(3 of 11)
Magic Flutist. By far his most thrilling public work was the commission, assigned him by France's Minister of Culture André Malraux, to redecorate the ceiling at the Paris Opera. This vast pantheon to music swirls with 2,153 sq. ft. of ballet dancers, firebirds and blossoms banked like clouds in hot Midi colors that triumph over the surrounding Second Empire gilt moldings (TIME, Nov. 6). In the mural he painted the face of his old friend Malrauxthe gesture of a Renaissance artist paying homage to his patron. But as a grateful adopted son of France, Chagall made a truly princely gesture: he presented the ceiling, a year's labor, to France as a gift. Without fanfare, Chagall often turns up at opera performances, whips out a spyglass to study his masterpiece furtively.

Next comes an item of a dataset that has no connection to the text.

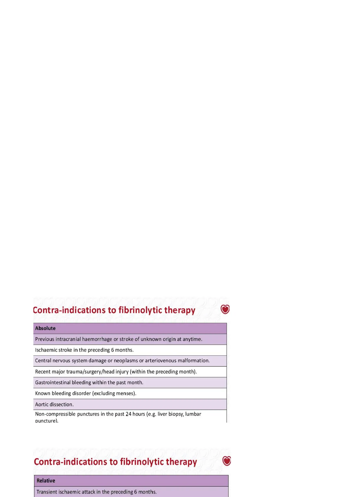 Absolute Previous intracranial haemorrhage or stroke of unknown origin at anytime. Ischaemic stroke in the preceding 6 months. Central nervous system damage or neoplasms or arteriovenous malformation. Recent major trauma/surgery/head injury (within the preceding month). Gastrointestinal bleeding within the past month. Known bleeding disorder (excluding menses). Aortic dissection. Non-compressible punctures in the past 24 hours (e.g. liver biopsy, lumbar puncture).

Now he has turned to another opera house. For New York's new Metropolitan at the Lincoln Center, he is designing more than 75 costumes and 13 sets for its forthcoming production of Mozart's The Magic Flute. And when the Met opens in 1966, its facade will boast a brace of 30-ft. by 35-ft. murals, swarming with the turbulent will-o'-the-wisps of his own endless fantasy. From their vantage on the Met's grand tier, the over-two-story-high murals will glow through the glassed vaults to dominate a city vista more spacious than the Piazza San Marco in Venice.
Icons of Youth. Such magnificence is a far cry from the provincial Russian ghetto town of Vitebsk in which Chagall grew up, the eldest among eight sisters and one brother. To support the family, his father manhandled herring barrels for a livelihood. Life was harsh in Vitebsk, but he remembers his father, who changed his name from Segal to Chagal (Marc added the second l for euphony in French), as a good provider, a "simple heart, poetic and muted." Sheltered by the Jewish commandment against graven images, the young dreamer never saw so much as a drawing until, one day, he watched a schoolmate copying a magazine illustration. When he was ridiculed for his astonishment, "it roused a hyena in me," and he began copying and improvising from magazines.
The Russian icon with its blank-eyed stare and stiff frontal figures was, next to shop signs, the art he knew best. Those Eastern images lean away from pictorial realism toward symbolism, and he loved them, as he says, because they are both "magical and unreal."